The small grocery store near my work carried six different brands of peanut butter. Each brand had various types: Smooth, chunky, whipped, and natural.
Natural was a huge no-no. The yellow brand was as well. Because of my depressing Google habit, I restricted most of my choices to brands that had encountered the least amount of problems over the years. For peanut butter, it was the bear brand.
I chose the smallest jar—since most of it would end up in the garbage—and tipped it upside down, searching for an expiration date. Doing the math, I determined that particular jar had four and a half months until it expired.
I traced the stamped date and counted again, considering the amount of time and if I could make my brain okay with it.
Four and a half months was a long time.
When the jittering under my skin began, I gritted my teeth and squeezed my eyes closed. My stomach roiled, but I swallowed a few times and waited for it to calm before concentrating on the jar in my hands.
Carefully, I unscrewed the lid and examined the foil seal. It appeared secure. I checked the date again. Studied the contents. Checked the date. The foil seal.

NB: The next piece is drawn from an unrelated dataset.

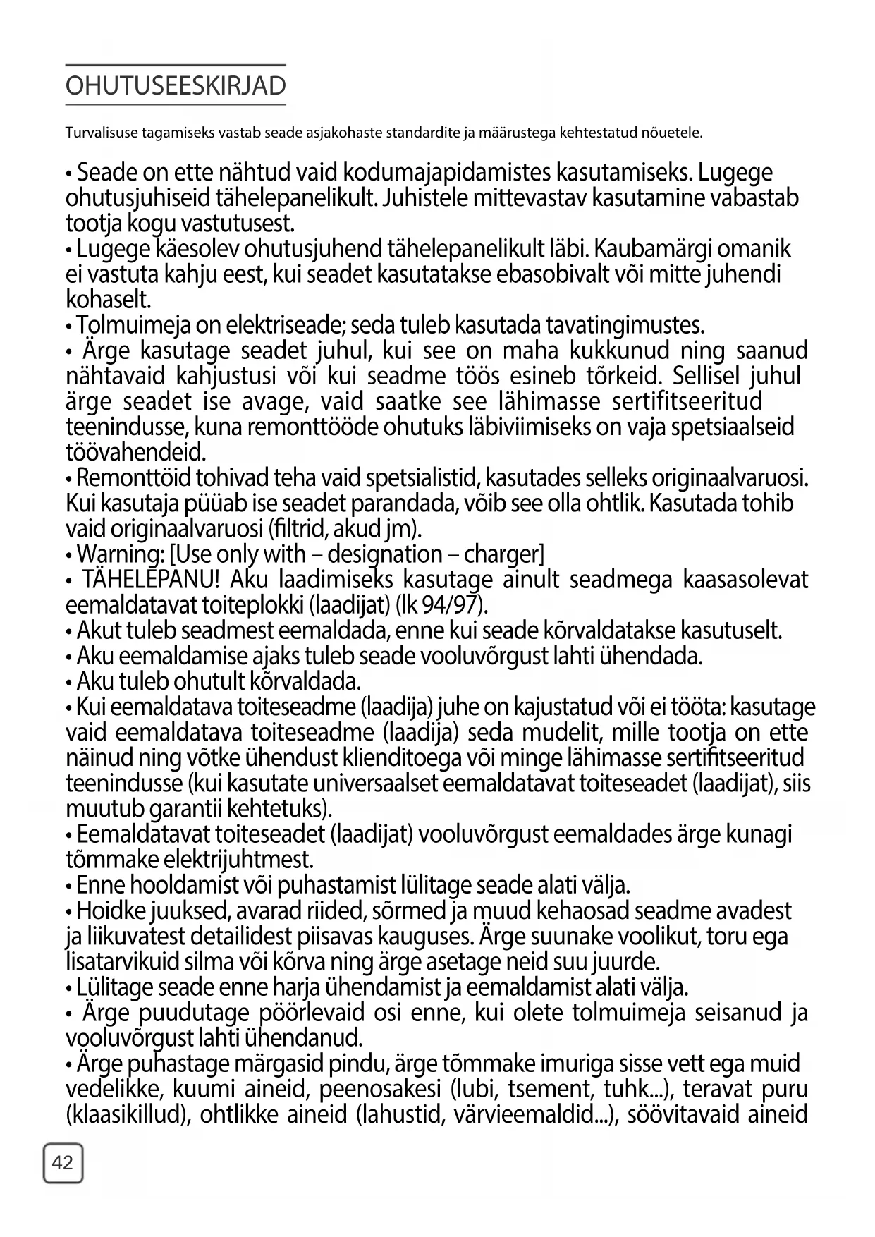 - TÄHELEPANU! Aku laadimiseks kasutage ainult seadmega kaasasolevat eemaldatavat toiteplokki (laadijat) (lk 94/97).

The date.
Deciding, I headed to the cash to check out then added it to my arsenal of foods in my backpack.
Step one: complete.
Now, if I could convince myself to ingest it later, that would be the real win.

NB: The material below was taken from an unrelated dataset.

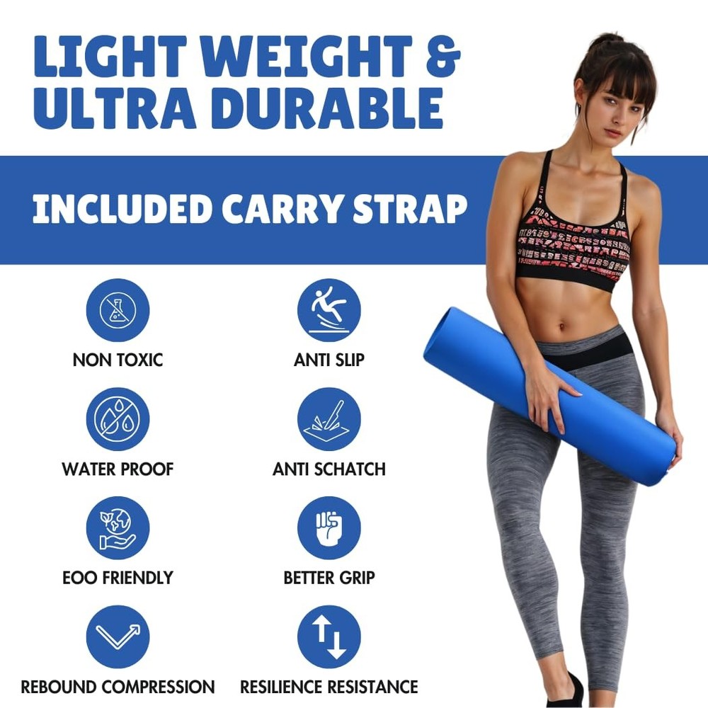 Find your flow with a yoga mat that blends performance, style, and comfort. This wide yoga mat for women features a thick textured surface that’s ultra-absorbent and slip-resistant perfect for yoga, pilates, and all types of fitness routines. Designed with body alignment lines and a soft vegan suede top layer, it offers exceptional grip and joint support without sacrificing elegance. Whether you’re practicing in a home gym, studio, or outdoors, the included strap makes it easy to carry on the go. Lightweight yet durable, this exercise mat stands up to daily use without fading or stretching. It’s everything you want in a pilates or yoga mat—stylish, supportive, and built for every level of practice. *Comfort & Cute Factor* Finally a cute yoga mat that’s as functional as it is fashionable! Designed for women who want a splash of style with their practice, this thick yoga mat supports your joints while keeping workouts cozy and colorful. *Thickness & Quality* Not too thin, not too bulky this thick exercise mat delivers ideal support whether you're deep in Pilates or flowing through yoga poses. The textured vegan suede surface feels great while giving you steady, cushioned grounding. *Durable & Easy to Clean* This fitness mat is as durable as it is beautiful. Designed to resist wear, stretching, and color fade, it wipes clean with a simple DIY yoga mat cleaner no bleach or harsh chemicals needed. Stylish yoga mats have never been this low-maintenance! *Slip Resistance & Alignment* No more sliding in downward dog. The anti-slip texture and body alignment lines help you stay grounded and centered. Whether you're practicing yoga at home or in class, feel confident with every move *Lightweight & Versatile* Whether you’re headed to the gym, yoga studio, or rolling it out at home, this lightweight yoga mat makes portability easy. Comes with a carry strap so you can take your practice wherever you flow perfect for travel, outdoor sessions, or your daily workout routine.

Ever After was located in the business sector of downtown Dewhurst. It was a small boutique that catered strictly to wedding attire with a small selection of formal wear young girls might buy for prom. It was small but elegantly organized with excessive overhead lighting and soft piano music in the background. Mannequins wore our finest and most expensive gowns while various other racks were teaming with an abundance of equally gorgeous choices. There were three large fitting rooms with mirrors on every surface, and the counters and tables were filled with fresh flowers my boss replenished as needed.